Morris dance group gives stunning performance at the Arsht

Morris dance group gives stunning performance at the Arsht

Mark Morris is known for the musicality of his dances, a simple statement that doesn’t nearly convey how richly rewarding they are. Certainly the three pieces that his Mark Morris Dance Group performed at the Adrienne Arsht Center for the Performing Arts on Friday night were beautiful examples of choreographic craftsmanship that illuminated their classical music scores. But they were also much more — so inspired by and united with their source that they made dance and music much more than the sum of their parts. As with the best works of George Balanchine, you could watch Morris’ dances repeatedly and still find something new in each viewing.
Much of the pleasure comes from the idiosyncratic humanity of each piece. This is partly due to the 18 wonderful dancers, who always seemed warmly personable, even while executing the most exactingly precise steps and patterns. But the depth of Morris’ dances comes as much from the way he unites the quirky (even silly), the yearning and the strange into his beautifully constructed frameworks, revealing the soul underneath.
The first, Festival Dance, which premiered earlier this year as part of the company’s 30th anniversary celebrations, was unabashedly joyful. Set to the vertiginously intricate Piano Trio No. 5 by Johann Nepomuk Hummel (a virtuoso pianist and student of Mozart), divided into a waltz, march and polka, Festival Dance was — on many levels — about dancing and celebrating. (As with all the company’s performances, the music throughout was played by the MMDG’s five member music ensemble of piano and strings, whose verve and feeling give a rare vitality to the dancers and the choreography).

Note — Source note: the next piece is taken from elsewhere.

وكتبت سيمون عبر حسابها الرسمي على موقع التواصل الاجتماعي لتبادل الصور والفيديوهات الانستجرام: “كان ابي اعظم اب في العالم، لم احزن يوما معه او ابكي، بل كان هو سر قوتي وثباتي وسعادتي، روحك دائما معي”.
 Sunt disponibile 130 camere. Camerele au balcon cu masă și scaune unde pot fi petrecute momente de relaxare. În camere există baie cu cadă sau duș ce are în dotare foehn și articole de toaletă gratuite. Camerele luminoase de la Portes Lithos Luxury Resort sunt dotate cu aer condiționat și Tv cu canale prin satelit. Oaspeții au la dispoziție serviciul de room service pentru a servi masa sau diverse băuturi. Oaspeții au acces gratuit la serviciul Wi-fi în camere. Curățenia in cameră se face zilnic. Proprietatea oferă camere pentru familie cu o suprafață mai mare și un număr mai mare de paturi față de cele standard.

Festival starts with Rita Donahue and Aaron Loux embracing upstage, the first of many couples careening through Festival. Wearing khaki pants, t-shirts and full-skirted dresses by Martin Pakledinaz (who did the costumes for all the dances), the dancers prance and galumph, arch and bounce, kick and gesture in excited flurries. They join in swirling circles and parading pairs that recall Morris’ roots in folk dancing. The dancing, whether a hiccupping foot or a rushing line, so exactly mirrored the music that it often made you laugh with delight, building from simply funny to an exuberant energy, which fused with that of the music. Festival ended as it began, with Donahue and Loux spun off from a kaleidoscope of dancers to embrace upstage again, as if the dance left them overwhelmed — or ready to begin again.
By contrast, All Fours, to the startlingly modern-sounding, often astringent Bela Bartok String Quartet No. 4, was dark and doubtful. It was indeed structured in fours, with eight dancers in sleek black and four in diaphanous white; two powerful duets, for Loux and Dallas McMurray, and Donahue and Michelle Yard, were briefly joined by two other dancers to keep the pattern. Nicole Pearce’s dramatic lighting flashed from red to black to white. Here the idiosyncrasies were jittery, tense — arms slashing, torsos plunging; All Fours was filled with a sense of yearning, uncertain isolation.

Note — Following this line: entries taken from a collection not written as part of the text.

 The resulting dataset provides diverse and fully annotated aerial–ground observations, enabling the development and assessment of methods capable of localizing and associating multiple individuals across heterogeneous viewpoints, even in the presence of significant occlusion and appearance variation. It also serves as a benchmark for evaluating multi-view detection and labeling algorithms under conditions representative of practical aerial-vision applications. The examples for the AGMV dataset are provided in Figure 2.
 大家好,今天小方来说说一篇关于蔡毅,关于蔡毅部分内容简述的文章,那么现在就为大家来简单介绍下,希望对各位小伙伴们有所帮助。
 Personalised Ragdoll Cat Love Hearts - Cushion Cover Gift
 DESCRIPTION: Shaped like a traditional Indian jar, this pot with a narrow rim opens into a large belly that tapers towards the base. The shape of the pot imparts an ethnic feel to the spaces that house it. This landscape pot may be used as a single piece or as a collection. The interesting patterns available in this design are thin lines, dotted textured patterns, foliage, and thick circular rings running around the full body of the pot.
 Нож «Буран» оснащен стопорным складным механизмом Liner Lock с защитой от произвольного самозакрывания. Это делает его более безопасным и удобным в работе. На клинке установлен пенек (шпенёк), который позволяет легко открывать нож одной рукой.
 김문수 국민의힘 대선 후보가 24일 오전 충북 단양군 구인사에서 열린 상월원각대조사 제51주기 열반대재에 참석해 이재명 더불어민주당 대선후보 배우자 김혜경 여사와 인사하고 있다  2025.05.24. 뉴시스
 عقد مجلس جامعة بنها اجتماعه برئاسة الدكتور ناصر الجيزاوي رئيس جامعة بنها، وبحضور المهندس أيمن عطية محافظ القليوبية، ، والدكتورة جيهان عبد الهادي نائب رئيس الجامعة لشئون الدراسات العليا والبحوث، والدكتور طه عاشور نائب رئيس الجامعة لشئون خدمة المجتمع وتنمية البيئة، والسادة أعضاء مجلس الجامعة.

The decade-old V was also celebratory, but with an odder and more profound kind of joy. Set to Schumann’s dense and luminous Quintet in E Flat for Piano and Strings, V had a dreamy strangeness. The contrasting costumes, seven dancers in bright blue smocks and briefs, seven in pale green pants and tops, emphasized the dance’s patterns (again reflecting the title), with septets of dancers making flying v’s, or mixed color trios forming triangular shapes. Strange moments, such as dancers popping into unexpected lifts, or crawling
smoothly across the stage, seemed beautifully right for the music, merging seamlessly with intricately moving circles and cascading lines of dancers. The energy of V kept building with the music, radiant, powerful, and wonderfully mysterious.